So basically everything gets a new address unless we directly pass in the address like below:

package main

import "fmt"

func fn(m *map[int]int, s *[]int, i *int) {
    fmt.Printf("%p \n", m)
    fmt.Printf("%p \n", s)
    fmt.Printf("%p \n", i)

    *m = make(map[int]int)
    *s = make([]int, 0)
    *i = 1

    fmt.Printf("%p \n", &m)
    fmt.Printf("%p \n", &s)
    fmt.Printf("%p \n", &i)
}

func main() {
    var m map[int]int
    var s []int
    var i int

    fmt.Printf("%p \n", &m)
    fmt.Printf("%p \n", &s)
    fmt.Printf("%p \n", &i)

    fn(&m, &s, &i)
    fmt.Println(m == nil)
    fmt.Println(s == nil)
    fmt.Println(i == 0)

    fmt.Printf("%p \n", &m)
    fmt.Printf("%p \n", &s)
    fmt.Printf("%p \n", &i)
}

https://go.dev/play/p/QLSBQd4Dbe0 output

0xc000012028 
0xc000010030 
0xc00001c030 
0xc000012028 
0xc000010030 
0xc00001c030 
0xc000012038 
0xc000012040 
0xc000012048 
false
false
false
0xc000012028 
0xc000010030 
0xc00001c030

Golang still behaves consistently up to now.

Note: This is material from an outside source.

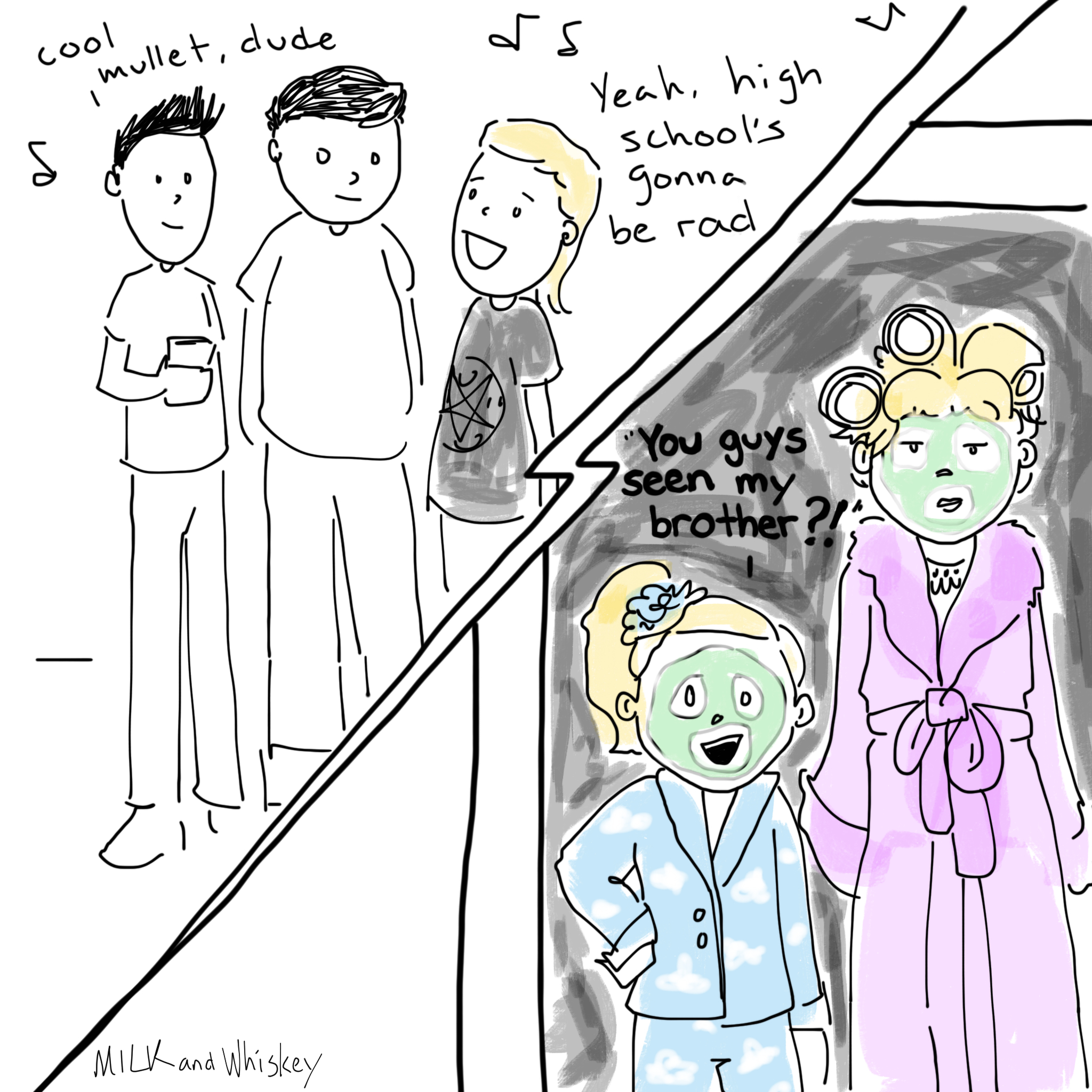 Which brings me to psychological torture, and also that great and terrible beast known as middle school. Whiskey was in eighth grade. You can’t spank an eighth grader. The ONE TIME my brother got invited to a party and stayed just a little too late, mom decided to go and fetch him. But because she’s our mother, this would be no simple snatch and grab. There was a lesson to be learned. Mom and I put on our strangest pajamas, stuck our hair in random curlers, smeared our faces with some flower scented cream, and walked the six blocks to his friend’s house to claim him. He may have been too fast to smack, but he was too slow to dodge the wrecking ball of embarrassment shuffling down Murphy Avenue in bunny slippers. He never saw it coming.

But as for java, everything is passed by the exact memory address:

public class TestReferenceVsPointer {
    public static void main(String[] args) {
        Object obj = new Object();
        int i = 1;
        System.out.println("Object Memory address: " + VM.current().addressOf(obj));
        System.out.println("int Memory address: " + VM.current().addressOf(i));

    }

    public static void print(Object obj, int i){
        System.out.println("Object Memory address: " + VM.current().addressOf(obj));
        System.out.println("int Memory address: " + VM.current().addressOf(i));
    }
}

enter image description here

This is really against my common sense. AS I always thought in java object is passed by pointer but this is apparently not pointer because it still has the same address as the argument. As for primitive value will get a new copy and new address. But it is still same address for the primitive type.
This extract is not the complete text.